►
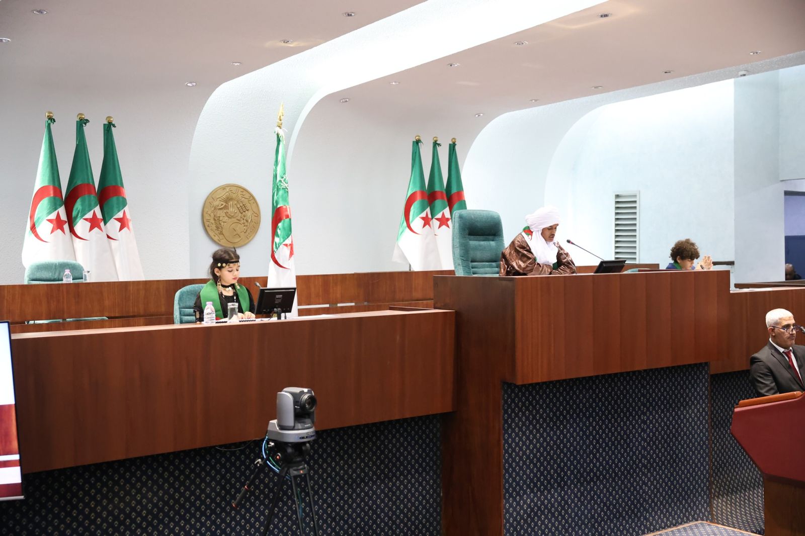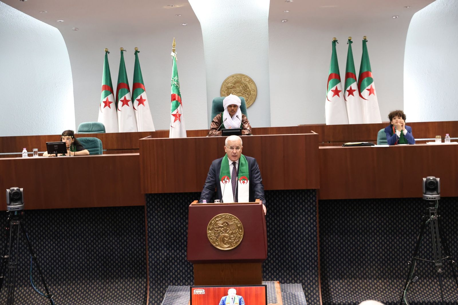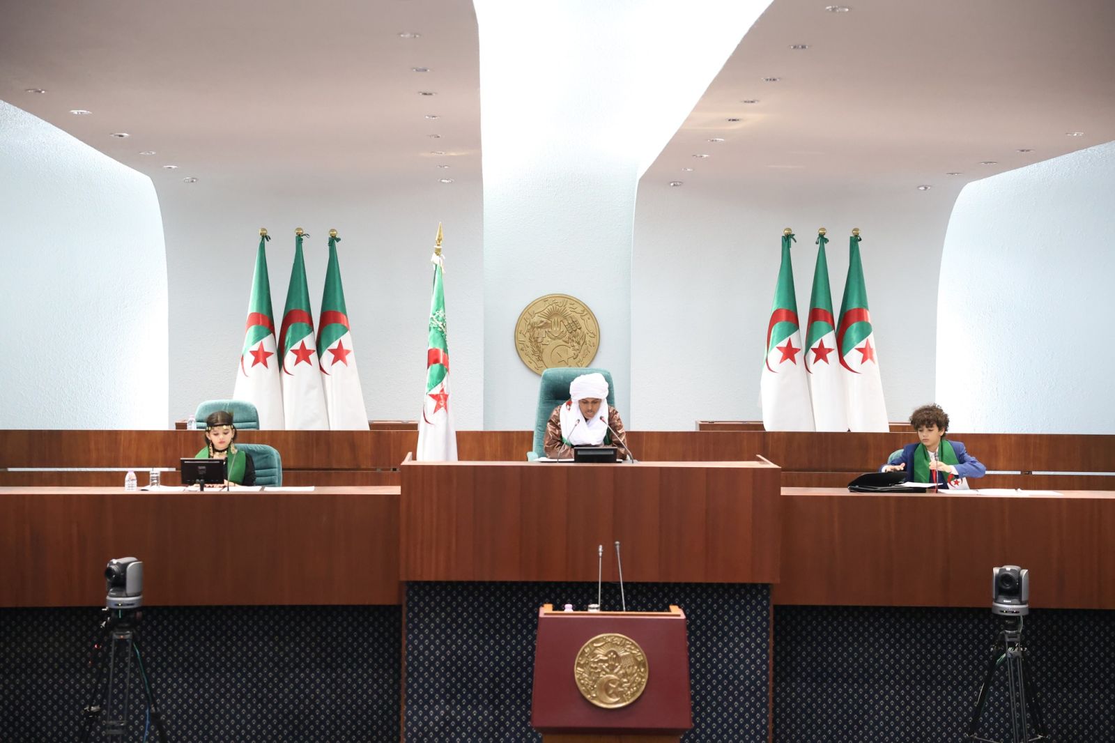 السيد عزوز ناصري، رئيس مجلس الأمة، يشارك اليوم، الإثنين 22 ديسمبر 2025، في مراسم افتتاح الجلسة الأولى لـ #برلمان_الطفل، التي أشرف عليها السيد ابراهيم بوغالي، رئيس المجلس الشعبي الوطني، والمنعقدة بمقر المجلس، بالجزائر العاصمة
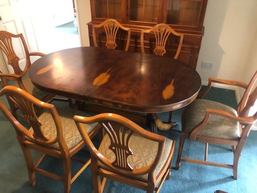 An oval Yew wood extending dining table (196 x 91cm extended) raised over twin pedestals, with six shield back chairs and a two sectional cabinet having three astral glazed doors over three drawers and three doors, approx 150cm wide x 193cm high. En Suite.
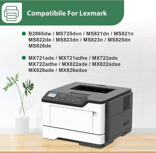 Printer Compatibility: Compatible with Lexmark imaging unit for a B2865 printer, MS821 Drum Unit, MS823 Black Imaging Drum, MS725dvn, MS821dn, MS821n, MS822de, MS823dn drum, MS823n Imaging Unit, MS825 Print Drum, MS825dn, MS826de, MX721ade, MX721adhe, MX722ade, MX722adhe, MX822ade, MX822adxe, MX826ade and MX826adxe Printer
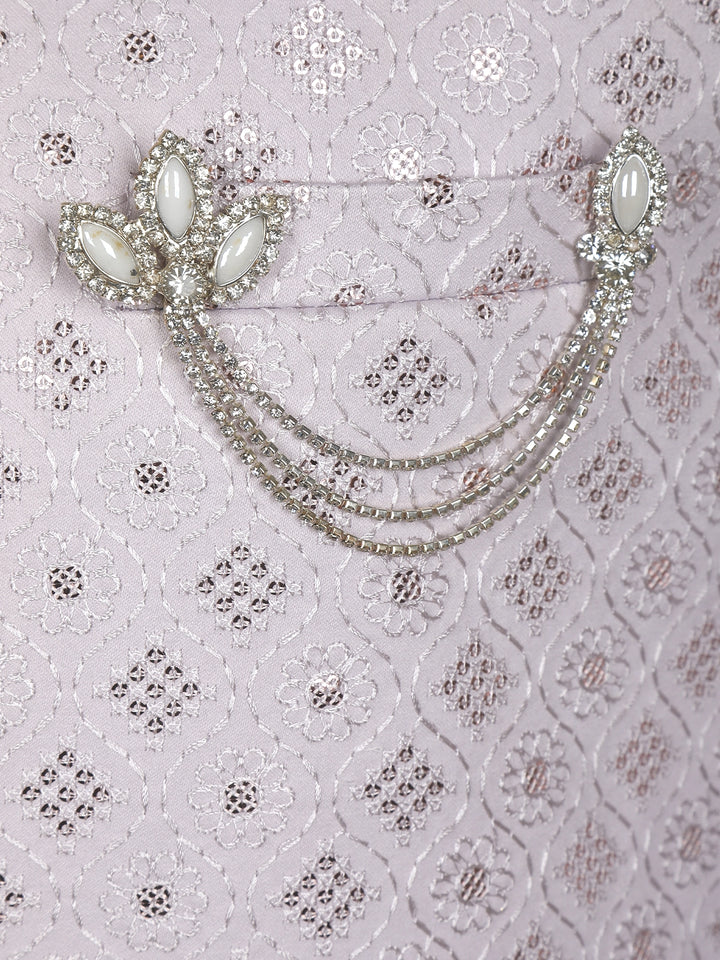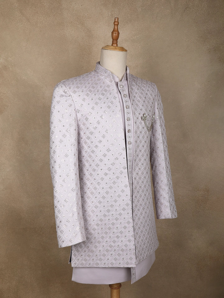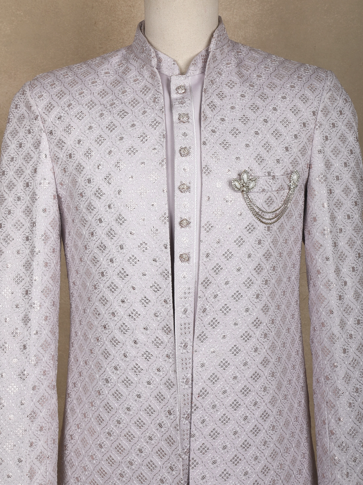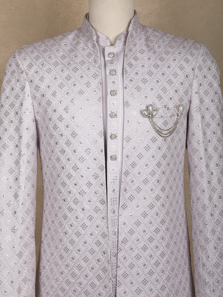 Lavender Floral Woven Design Jacquard Sherwani Suit with Brooch
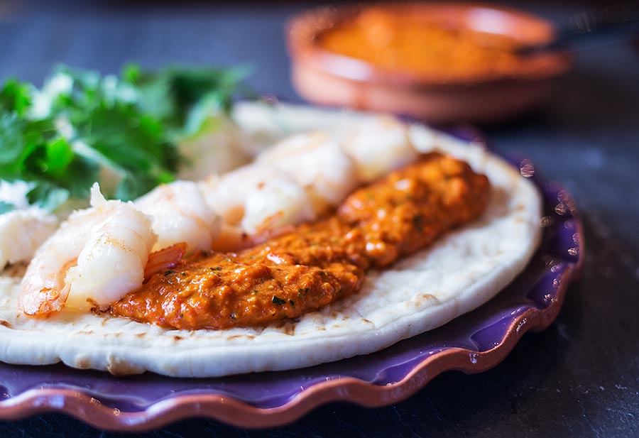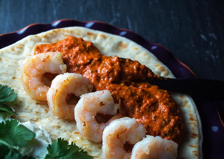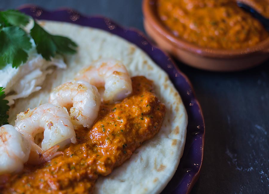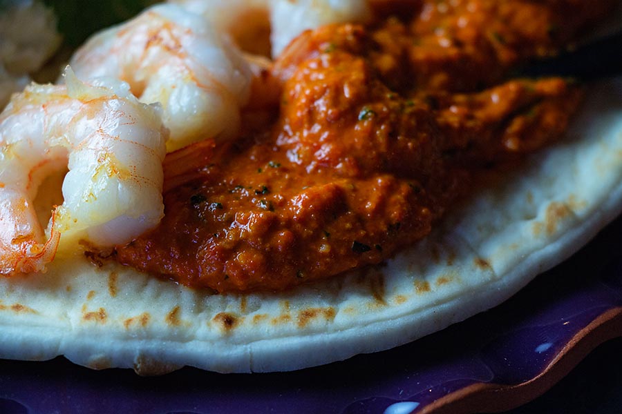 I chose to make a Mediterranean-inspired lunch using the Romesco spread on a flatbread, and with grilled shrimp placed on top.
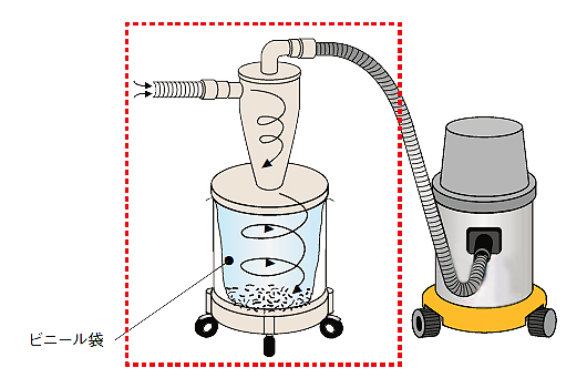 <トランスファーリッド(サイクロン式)/SAS-SIC> ●吸引する対象物が大量の固形物の場合、トランスファーリッド(サイクロン式)の併用をお勧めします。 ●紛体・固形物を200ℓオープンドラム缶に回収することができます。 ●トランスファーリッドをドラム缶に載せるだけです。 ●回収ホースは38φ、50φ、75φのいずれかを選択でいます。 ![]()
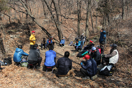 식사를 마친 후 김규철 선생님 장례 절차를 상의하기 위해 회장님과 이정태 대장이 먼저 하산하였고, 바로 산상강연이 진행되었다.
◄
Copy every record exactly as it appears, apart from any pictures.

• [Exercise response]:
 السيد عزوز ناصري، رئيس مجلس الأمة، يشارك اليوم، الإثنين 22 ديسمبر 2025، في مراسم افتتاح الجلسة الأولى لـ #برلمان_الطفل، التي أشرف عليها السيد ابراهيم بوغالي، رئيس المجلس الشعبي الوطني، والمنعقدة بمقر المجلس، بالجزائر العاصمة
 An oval Yew wood extending dining table (196 x 91cm extended) raised over twin pedestals, with six shield back chairs and a two sectional cabinet having three astral glazed doors over three drawers and three doors, approx 150cm wide x 193cm high. En Suite.
 Printer Compatibility: Compatible with Lexmark imaging unit for a B2865 printer, MS821 Drum Unit, MS823 Black Imaging Drum, MS725dvn, MS821dn, MS821n, MS822de, MS823dn drum, MS823n Imaging Unit, MS825 Print Drum, MS825dn, MS826de, MX721ade, MX721adhe, MX722ade, MX722adhe, MX822ade, MX822adxe, MX826ade and MX826adxe Printer
 Lavender Floral Woven Design Jacquard Sherwani Suit with Brooch
 I chose to make a Mediterranean-inspired lunch using the Romesco spread on a flatbread, and with grilled shrimp placed on top.
 <トランスファーリッド(サイクロン式)/SAS-SIC> ●吸引する対象物が大量の固形物の場合、トランスファーリッド(サイクロン式)の併用をお勧めします。 ●紛体・固形物を200ℓオープンドラム缶に回収することができます。 ●トランスファーリッドをドラム缶に載せるだけです。 ●回収ホースは38φ、50φ、75φのいずれかを選択でいます。 ![]()
 식사를 마친 후 김규철 선생님 장례 절차를 상의하기 위해 회장님과 이정태 대장이 먼저 하산하였고, 바로 산상강연이 진행되었다.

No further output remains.